If requests in a given epoch exceed the cap, the queue processes them in the order they were submitted (FIFO) across subsequent epochs. Alice continues earning yield on her position while she waits, and her funds are returned as her place in the queue is reached.
Cadence of Epochs
Different vaults run on different epoch schedules, which determines how often withdrawals are processed. The default cadence is one epoch per week. The Concrete DeFi USDT vault runs two epochs per week, so under normal load its queue settles within 3.5 to 7 days; if requests exceed the vault's withdrawal cap, the queue extends until later epochs settle the remainder. Each vault's page lists its specific schedule.
Things to Know About Async Vaults
- Withdrawals are not instant – there is a delay between requesting and receiving your funds, set by the vault's epoch schedule and the time needed to deallocate from strategies.
- Your share price is set at processing, not at request – the share price applied to your withdrawal is locked in when the epoch is processed, so your final amount can move up or down between submission and settlement.
- You keep your position until the epoch is processed – your shares sit with the vault and are not burned until processing happens.
- You can cancel, but only before the cutoff – once the epoch closes, the request is locked in and cannot be cancelled.
- Requests can roll into the next epoch – when an epoch hits the cap or processing is delayed, the Withdrawal Manager can move a request to the next epoch.
- Each vault sets minimum and maximum withdrawal sizes – your request must fall within these limits.
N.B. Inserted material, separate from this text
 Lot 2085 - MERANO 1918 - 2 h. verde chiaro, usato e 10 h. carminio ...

Some vaults can also pause new withdrawal requests entirely.
Standard (Atomic) Vault
A standard vault returns assets in a single transaction. withdraw() and redeem() deallocate from strategies in the vault's configured deallocation order, burn your shares, and transfer the underlying asset to your wallet in one call.
- On the vault page, open the Withdraw tab, enter the amount, and confirm in your wallet.
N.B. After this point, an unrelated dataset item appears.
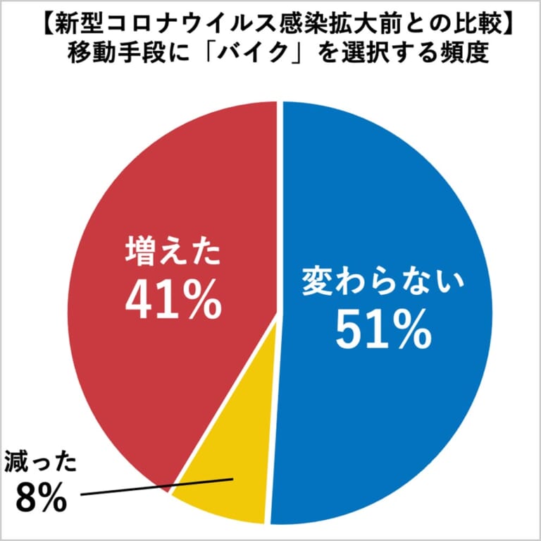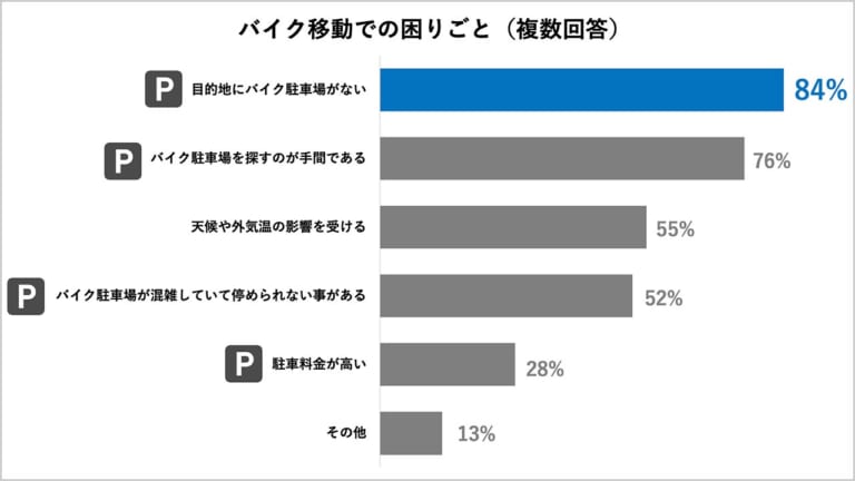 アンケートでは、41%の人が新型コロナウィルスの感染拡大前と比べて「移動手段にバイクを用いる機会が増えた」と回答(グラフ2参照)した。また、通勤/通学時には「公共交通機関等の混雑を避けたい」という意見が多く挙がった。さらに、バイクを利用する頻度について利用目的別に聞くと「通勤/通学」と答えた割合が17%ともっとも多かった(グラフ1参照)。一方で、バイク移動での困り事としては「目的地にバイク駐車場がない」という回答が84%も占めていた(グラフ3参照)。

- The vault deallocates from strategies in its configured order to cover the withdrawal.
- Your shares are burned and the underlying asset is transferred to your wallet in the same transaction.
Pre-Deposit (Cross-Chain) Vault
Some Concrete vaults are pre-deposit vaults, designed for launches where you deposit on one chain and receive shares on another. These do not use the Withdrawal Queue; instead, you claim your shares on the destination chain when the vault is ready.
What you see in the app
When a pre-deposit vault enters its claim phase, the vault page in the Concrete app shows a Claim action. Click it and confirm in your wallet. Your shares on the original chain are exchanged for shares on the destination chain, delivered to the same wallet address.
Before you claim, make sure:
- You control the wallet on the destination network – for some multi-sig wallets, you need to confirm you control the same address on the destination chain.
- You have enough native token on the source chain to cover the fee – the app shows the estimated fee before you confirm.
Frequently Asked Questions
- Do my shares continue earning yield while in the queue? Shares are held by the vault and are not burned until
processEpoch()runs. Share price is locked at processing time, so any yield (or loss) the vault records between request and processing is reflected in the price applied to the request. - Can I cancel a withdrawal request? Yes, for the current open epoch only, you can cancel on the vault page. Once the cutoff passes, the request cannot be cancelled.
- What happens if my request cannot be filled in its epoch? When the epoch reaches its withdrawal cap or processing is delayed, the Withdrawal Manager moves the remainder to the next epoch via
moveRequestToNextEpoch(). Your queue position is preserved (FIFO).